Regular expression: “[^”]*“
String: “lips“
Result: match
String: “lips’“
Result: not match
I expect both strings to match.
C++ code:
#include <iostream>
#include <string>
#include <boost/regex.hpp>
using namespace std;
using namespace boost;
int main()
{
const string s1 = "“lips“";
const string s2 = "“lips’“";
if (regex_search(s1, regex("“[^”]*“"))) cout << "s1 matched" << endl;
if (regex_search(s2, regex("“[^”]*“"))) cout << "s2 matched" << endl;
return 0;
}
output: s1 matched
Is the symbol ’
special ? Why is the second string not matching?

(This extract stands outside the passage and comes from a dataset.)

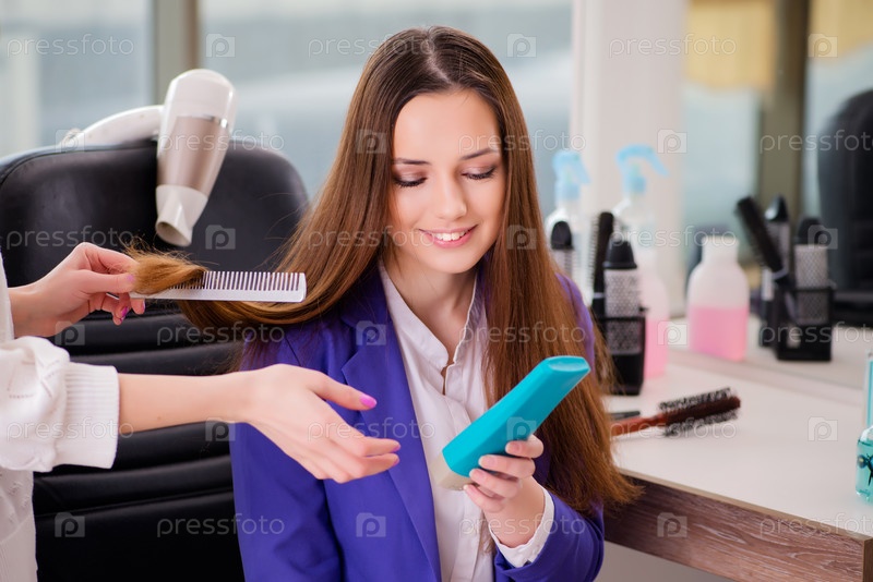 Женщина занимается стрижкой в салоне красоты

boost regex library does not use utf-8 by default. utf-8 quote symbol and apostrophe have common byte, that`s why regex does not work. Code for utf-8:
#include <iostream>
#include <string>
#include <boost/regex.hpp>
#include <boost/regex/icu.hpp>
using namespace std;
using namespace boost;
int main()
{
const string s1 = "“lips“";
const string s2 = "“lips’“";
if (u32regex_search(s1, make_u32regex("“[^”]*“"))) cout << "s1 matched" << endl;
if (u32regex_search(s2, make_u32regex("“[^”]*“"))) cout << "s2 matched" << endl;
return 0;
}
compilation: g++ -std=c++11 ./test.cc -licuuc -lboost_regex
output:
s1 matched
s2 matched